Search the data for the word "Mill". Reproduce every line where it is found.
[Opening Extracted information section]
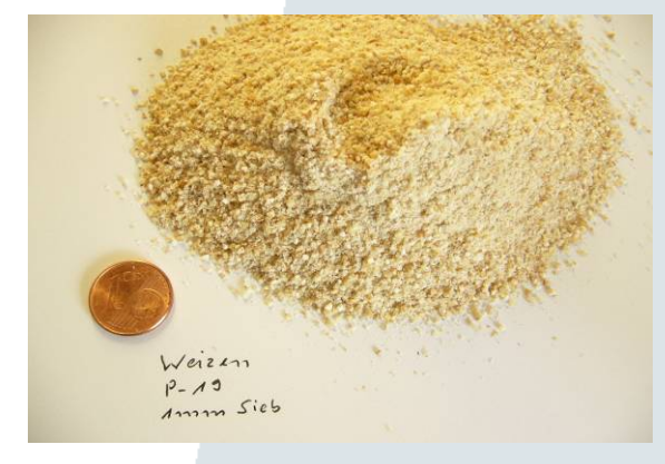
A convincing result: comminution of wheat down to 1 mm with the Cutting Mill PULVERISETTE 19

For the preparation of smaller sample amounts (< 100ml) of these materials, the Variable Speed Rotor Mill PULVERISETTE 14 is also very suitable.
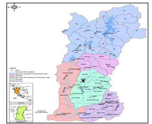
Fig. 1: Sg Perak Basin Catchment Delineation for Rainfall-Runoff Model (source: G&P, 2010).

Sg. Perak River is the main river in Perak which covers a catchment area of 3504 km<sup>2</sup> and river length approximately 400 km, flowing from Hulu Sg. Perak at upper of Temengor catchment through Bagan Datoh until Strait of Malacca. Sg. Perak is the second largest river in Peninsular Malaysia after Sg. Pahang. Figure 1 shows the overall catchment of Sungai Perak river basin. The annual rainfall is in the range of 2400 mm to 3200 mm at the northeast part of the basin, particularly in the upper Temenggor Dam catchment. At the south-eastern part of the basin, the annual rainfall increases between 2,600 mm and 3,400 mm. The average annual rainfall for the whole basin is about 2,300 mm. (IRBM, 2010) Figure 1 shows the Sg Perak Basin Catchment Delineation for Rainfall-Runoff Model.
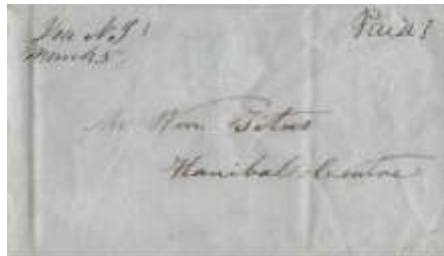
Lot 29(*) Manuscript Ira N Y / March 5 (Cayuga) 1855 Paid FLS to Hanibal Centre [sic] Sound & clean. Min. $5
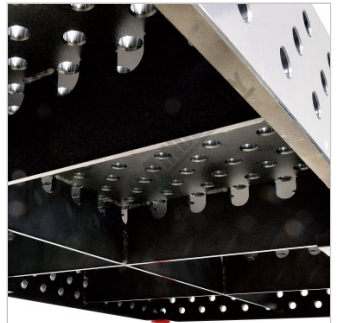
Stengthened by Welded Webbing
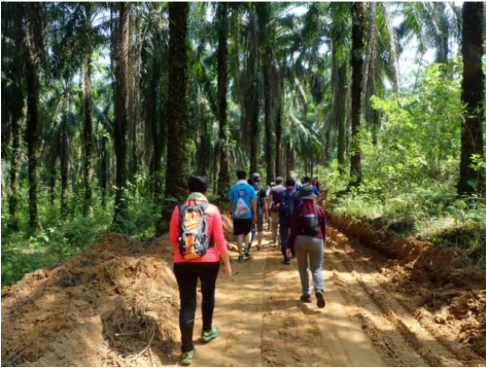
Bukit Unggul 2019: How it started.....
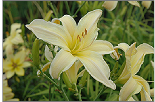
Sunrise Serenade Daylily flowers

Showy, large, reblooming, pale yellow/tan trumpets, infused with pale pink; green throat; sturdy, strong, easy to care for, great grassy texture and form; good for the beginner gardener and the pro
[Closing Extracted information section]
▸ Solved problem:
A convincing result: comminution of wheat down to 1 mm with the Cutting Mill PULVERISETTE 19
For the preparation of smaller sample amounts (< 100ml) of these materials, the Variable Speed Rotor Mill PULVERISETTE 14 is also very suitable.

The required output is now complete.